The above condition can be written in a more convenient form by following the approach proposed by Lenhart and Workman (2007), namely:

$$\begin{aligned} \left. \begin{array}{ll} u^{*}(t) = 0 &{} \hbox {if} \;\; \dfrac{\partial H }{\partial u}< 0 \\ 0< u^{*}(t) < u_{\max } &{} \hbox {if} \;\; \dfrac{\partial H }{\partial u} = 0 \\ u^{*}(t) = u_{\max } &{} \hbox {if} \;\; \dfrac{\partial H }{\partial u} > 0 \end{array} \right\} \end{aligned}$$
(34)

or, equivalently,

$$\begin{aligned} u^{*}(t) = \max \left\{ 0, \min \left\{ \frac{1}{C} \cdot \frac{\lambda _3(t) M_w(t) + \lambda _4(t) F_w(t)}{M_w (t) + F_w(t)}, u_{\max } \right\} \right\} . \end{aligned}$$
(35)

Remark 7

The Pontryagin maximum principle gives us some interesting insights regarding the costs of control strategies. From the economics standpoint, the condition

$$\begin{aligned} \frac{\partial H}{\partial u} = - C u (M_w + F_w) + \lambda _3 M_w + \lambda _4 F_w = 0 \end{aligned}$$

implies that, under optimal release rate \(u^{*}\), the marginal cost of control action (expressed by the term \(C u (M_w + F_w) \)) should be equal to its marginal benefit (given by the term \(\lambda _3 M_w + \lambda _4 F_w\)). If the marginal cost of \(u^{*}\) is higher than its marginal benefit (that is, \(\dfrac{\partial H}{\partial u} < 0\) in (34)) then it is optimal not to employ this strategy at all, i.e., \(u^{*}(t)=0\). Alternatively, if the marginal cost of \(u^{*}\) is lower than its marginal benefit (that is, \(\dfrac{\partial H}{\partial u} > 0\) in (34)) then it is optimal to use all available resources, i.e., \(u^{*}(t)=u_{\max }\).

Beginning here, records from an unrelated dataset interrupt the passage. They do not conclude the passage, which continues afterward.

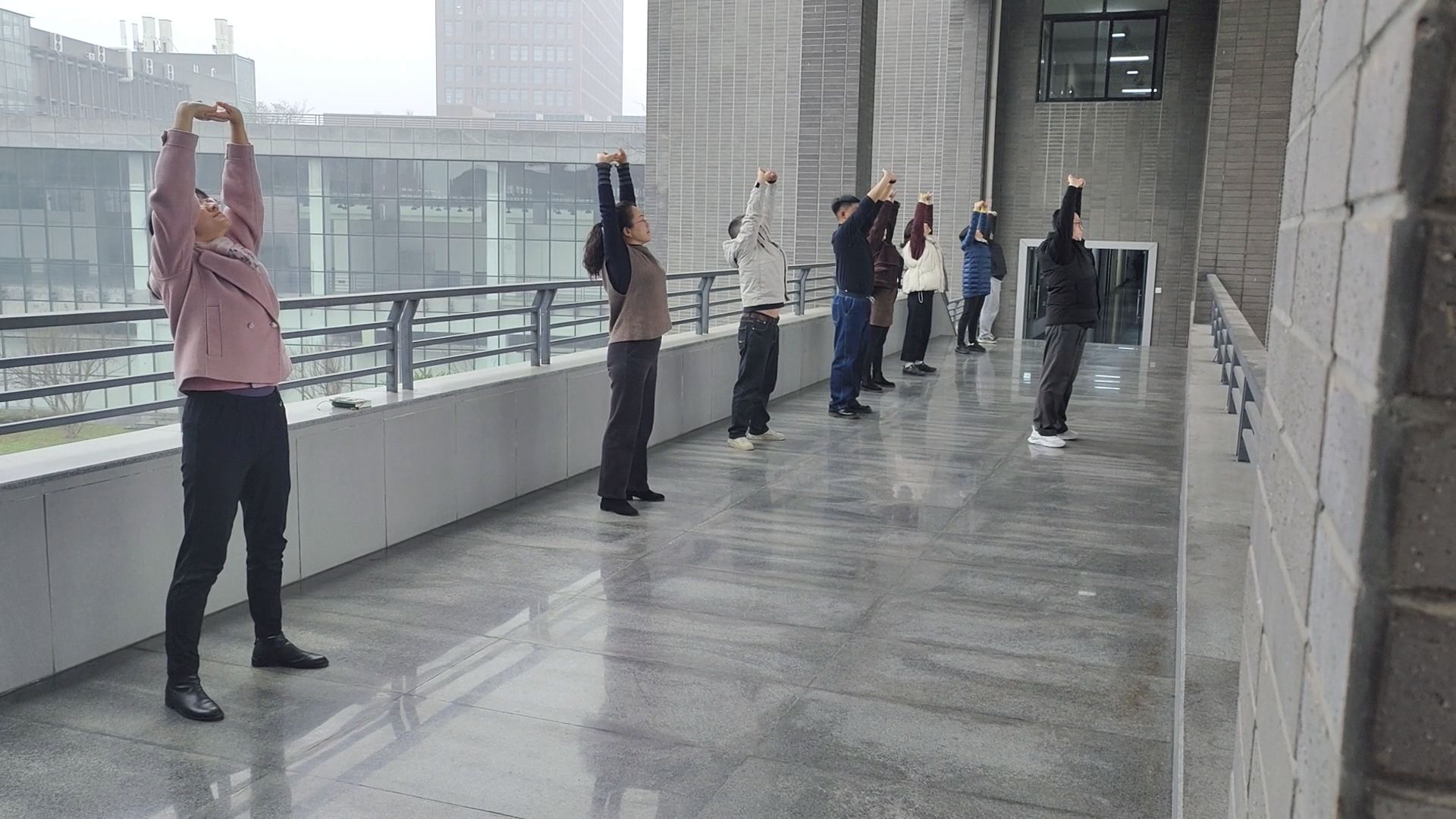 工间一小会,健身又暖心。活动开展以来,得到了学院教职工的积极响应和热情参与。每天上午十点四十分至十一点期间,伴随着悠扬的音乐,老师们纷纷走出办公室,在学院楼前长廊处整齐列队,跟随教练的示范,认真练习工间操。大家纷纷表示,工间操活动不仅锻炼了身体,放松了心情,还增进了同事间的交流,营造了积极向上的工作氛围。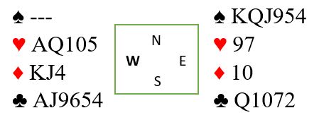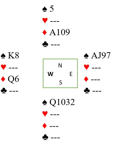 Lise spilte ut spar knekt. Ved det andre bordet hadde også øst støttet ruteren med omvendt minor, men der hadde øst vist singelton hjerter. Ved det bordet fulgte nord "hovedregelen" og spilte ut trumf. Slik så hele spillet ut: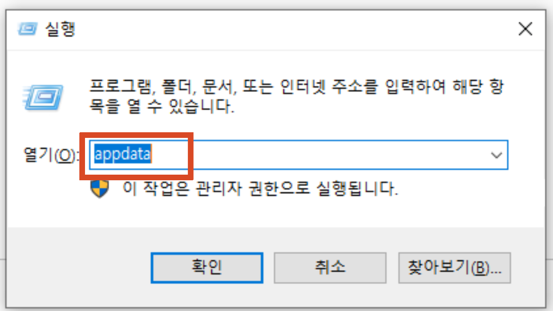 여기서 ' appdata ' 라고 입력해주시면 됩니다 !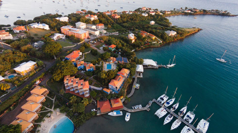 True Blue Bay is a small family-owned and operated hotel located on the south coast of Grenada. True Blue delivers a Caribbean-chic ambiance with a colorful and relaxed tropical atmosphere. Accommodation choices including large rooms with sitting areas, suites with kitchenettes, and villas with open living areas and vaulted ceilings. All accommodations offer air conditioning, flat-screen televisions and private porches or balconies. The lushly-landscape property includes two pools, a spa, yoga studio, fitness center, gift shop and conference room. The on-site dive center operated by Aquanauts Grenada provides daily boat diving services to a variety of wrecks and reefs. There are two restaurants on-site, with waterfront dining at the Dodgy Dock. The resort offers a range of land activities and water sports, is close to Grand Anse Beach, and within walking distance of a variety of local restaurants and shops.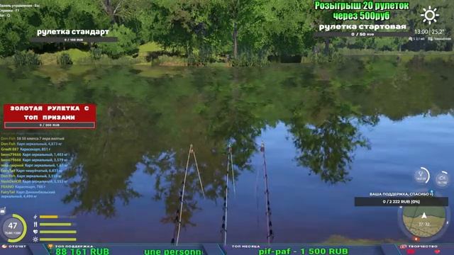 Поддержка донатом https://new.donatepay.ru/@1032463 Альтернативный донат https://www.donationalerts.com/r/kalyamba11 5536913964533059 карта Тинькоф Если стрим лагает,смотри стрим на трово https://trovo.live/s/Kalyamba_na_Ribalke Мой ВК - https://vk.com/kalyantv НИК в игре kalyan11 НАШ ДИСКОРД СЕРВЕР https://discord.gg/4ZzSQkQtsK Заказ водоема на 1 час - 500р ( весь стрим 2500р ) Модерка на канале 1200р ( каждая следующая на 100р больше) Озвучка доната на 40р,50р,100р,200р,300р,500р,1000р ✅Призы в рулетке "ЗОЛОТАЯ" ✔ ЗОЛОТО ✔ ПРЕМ ✔ КАТУШКИ РАПТОР 40, АЗИМУТ 10000, СИЛЬВЕР 80, ТАЙГА с 30 ✔ ПАЛКИ ПИЛКЕРНАЯ, ДОНКА МОРСКИЕ, ✔ РОД ПОД, СТУЛЬЯ ✅Призы в рулетке СТАНДАРТ : ✔ катушка "РАПТОР 40" ✔ катушка "АЗИМУТ 10000" ✔ катушка "ТАЙГА С30, С40," ✔ катушки 60 для медного ( ЭВИИ, НАТОРЫ, ГОЛДА, и тд) ✔ ПИЛКЕРНОЕ УДИЛИЩЕ КОРОЛЕВА ОКЕАНА ✔ Морское Донное удилище ✔ прем ( 3, 7, 30 дней) ✔ золото ( 1, 3, 5, 10, 20 ,50) ✔ билет на море ( 1, 3, 5 дней) ✔ голд наживка и др. ✅Призы в рулетке "СТАРТОВАЯ" ✔ катушка "silver80" ✔ катушка "БЕЛЫЙ КАЛИБР" ✔ катушка "Черный калибр" ✔ катушка "Протон" ✔ катушка "Нарга 6000" ✔ Набор Фидерист и спинингист ✔ Карповик Фортуна ✔ фидерные удилища ✔ прем, золото, алкашка, наживки и тд P.s Рулетка это не казино, а награда за поддержку стримера. Вечный ТОП ПОДДЕРЖКИ (11.05.2024) 1. Dimon_pokemonchik 119 784 2. Interceptor 75 508 3. Skreb79 71 261 4. une personne 68 619 5. Нарвал77 31 550

The closed form (35) is usually referred to as characterization of optimal control. Using this form, the original optimal control problem (27)–(29) can be reduced to a two-point boundary value problem. The latter is known as optimality system and is composed by eight differential equations with eight endpoint conditions, namely:

  • four direct Eqs. (29) where u(t) is replaced by its characterization (35);

  • four adjoint equations (31) where u(t) is replaced by its characterization (35);Footnote 17

  • four initial conditions (25) specified at \(t=0\);

  • three transversality conditions (32) and one endpoint condition (27) specified at \(t=T^{*}\).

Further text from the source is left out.